The files and documentation needed to get started with each analysis are provided in two formats:

A GitHub repo that you may fork, clone, download, or use however you’d like. Use the link in the Analysis column above. Using GitHub is not necessary but if you already use it as a part of your workflow, we have provided this resource for you.
A .zip file that is a mirror of the GitHub repo. Use the link in the Files column above.

Use whichever is easier for you. Whichever you choose, start by reading the README.md file. Both methods are setup such that you only need to edit the analysis.Rmd file contained within. To complete your analysis, simply knit this file, re-zip the folder provided, and submit!

Analysis 04

In place of Analysis 04, you will revisit one of the three previous analyses. You pick!

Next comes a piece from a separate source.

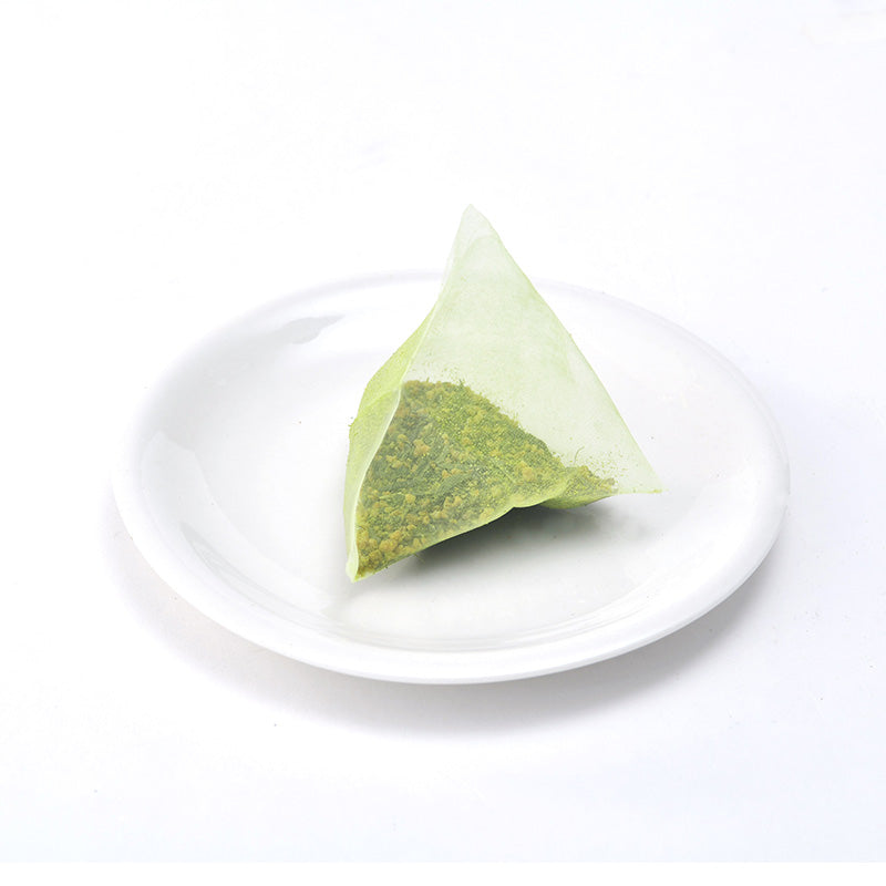 ティーバックの包材にとうもろこしの澱粉を原料とした自然素材を採用。

Now that you’re familiar with the analyses, and have had time to work on your own, revisit an analysis with fresh eyes and more video examples from the instructor.

Submit a .zip file as your did for the original analysis.
Include files called analysis_original.Rmd and analysis_original.html that contain your original work.
Add a section to the updated analysis called “Changelog” that briefly describes the changes made from the original analysis.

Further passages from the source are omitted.